01.03.2016 BEST OF THE COAST

It’s a loose assemblage of thirteen rural hamlets, each with its own name, that were too small to have separate town halls and so were combined into one comune sparso or ‘spread-out town’.

It’s telling that these exist mostly in Alpine regions of northern Italy. For the area of Tramonti has something distinctly mountainous about it, even though most of its territory is only between 300 and 600 metres above sea level. It’s a place of ancient rural traditions, small vegetable plots and dairy farms, and a climate that is almost always a few degrees cooler than that of the Costiera down below – partly due to the altitude and abundance of greenery, partly due to the wind that funnels down this wide valley to the sea. Tramonti means ‘Among the mountains’ but it’s also related to the Italian name for the cold north wind – la tramontana.

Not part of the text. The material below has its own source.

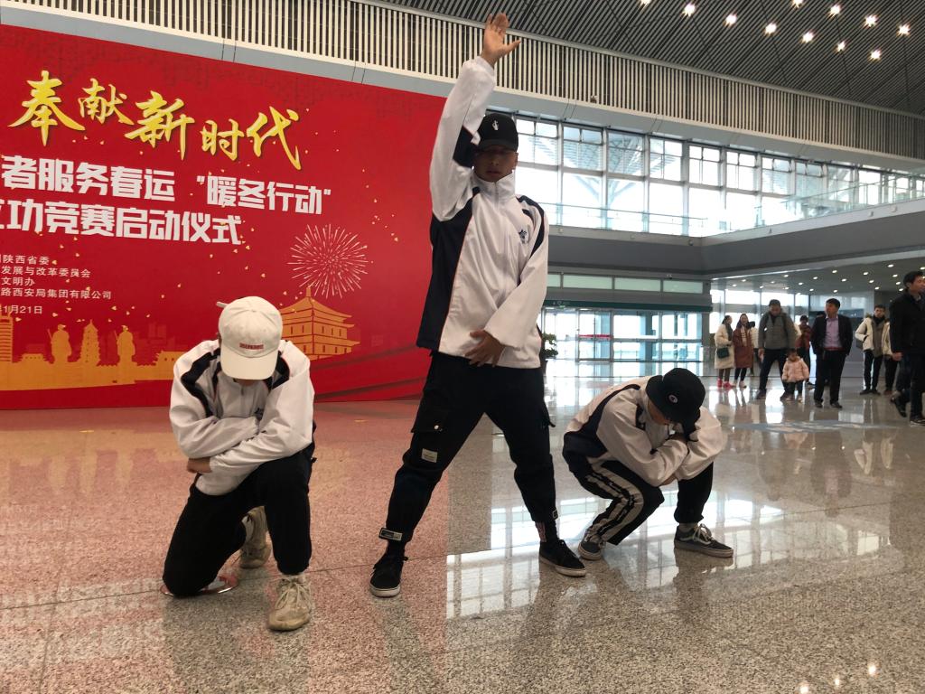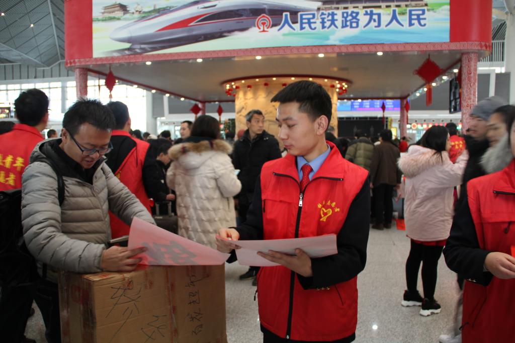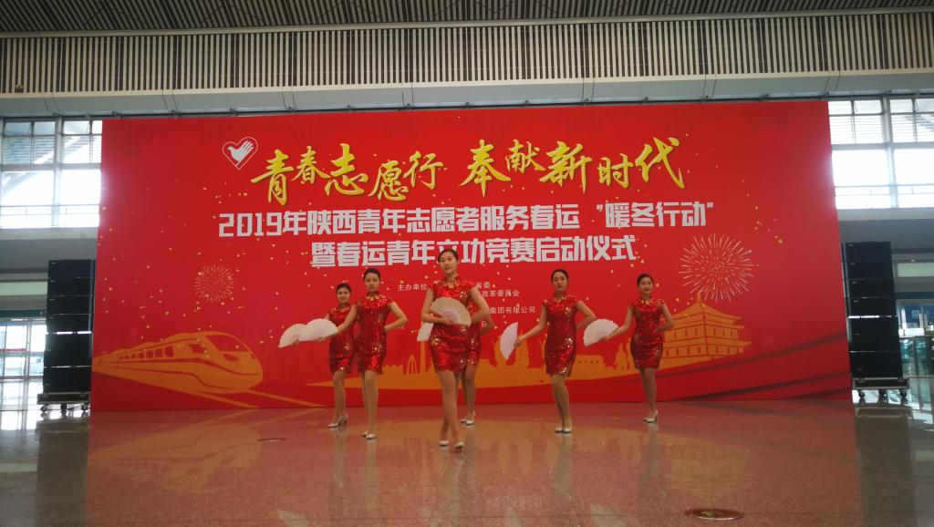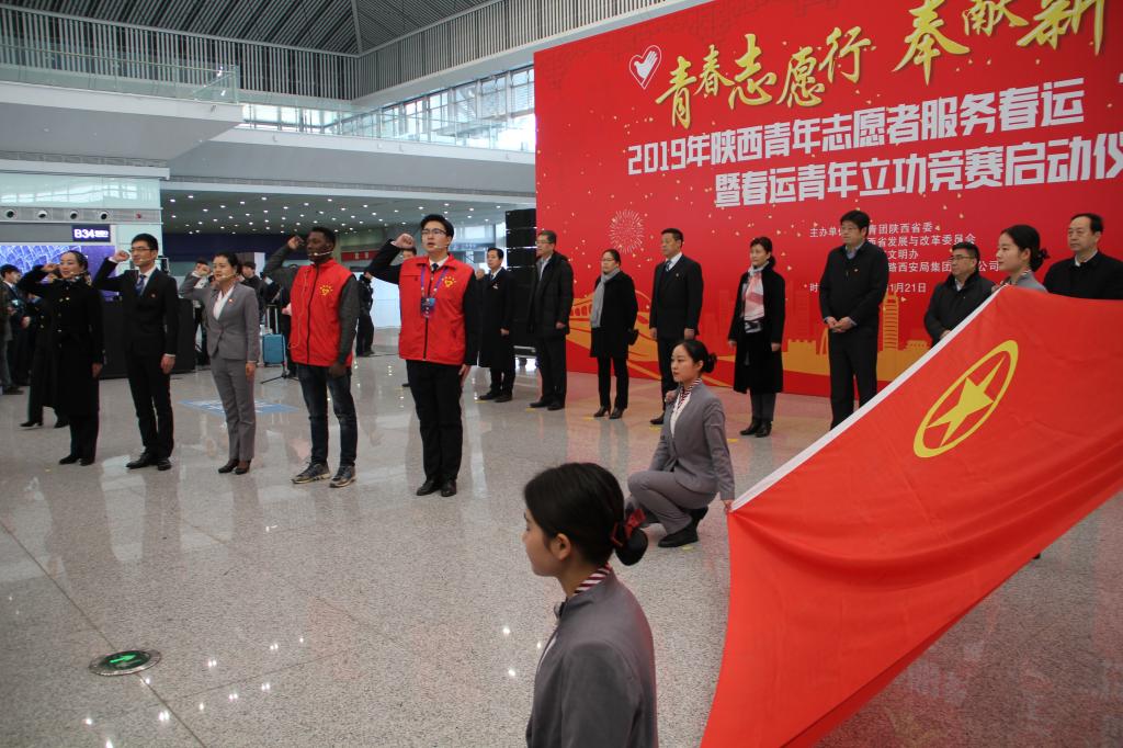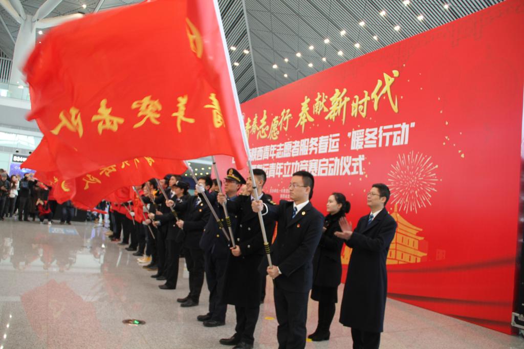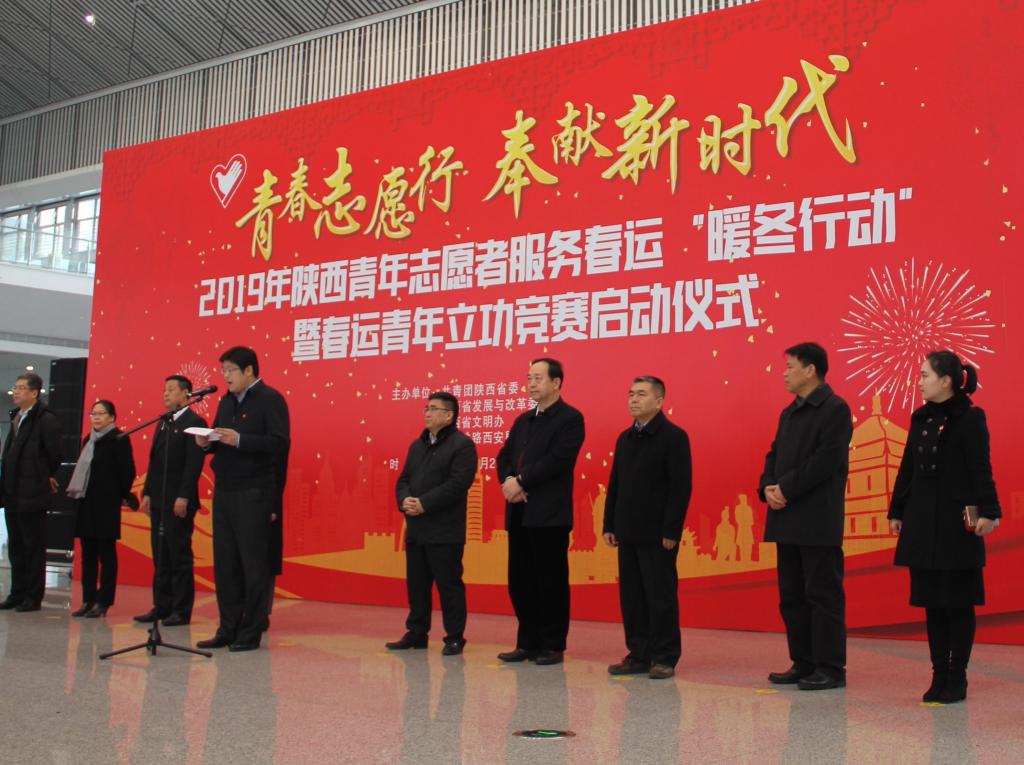 1月21日上午,由共青团陕西省委、省发改委、省文明办、中国铁路西安局集团有限公司等单位共同举办的“2019年陕西青年志愿者服务春运‘暖冬行动’”暨春运青年立功竞赛启动仪式在西安北站二楼候车大厅隆重举行。共青团陕西省委副书记、党组成员鲁镇,中国铁路西安局集团有限公司党委副书记、副董事长杨修昌,鸭脖党委副书记、纪委书记黄家昌,西安地铁有限公司团委书记李铁军等来自高校、地铁、公路、机场等系统的相关领导及300名青年志愿者代表出席了启动仪式。鸭脖团委副书记张治平、团委老师与鸭脖参与此次“暖冬行动”的四支队伍——西安北站服务队、西安站服务队、汉中站服务队和西安地铁服务队的共160余名春运志愿者参加了此次活动。

Wine has long been made in these hills. The oldest vines in the Tenuta di San Francesco estate go back over a century. A visit to these magnificently gnarled specimens, trained in shady pergolas amidst chestnut groves, is included in the winery tour that is led personally by the estate’s gregarious owner, Gaetano Bove, who manages to juggle his commitment to the winery he co-owns with three associates with his day job as a veterinarian.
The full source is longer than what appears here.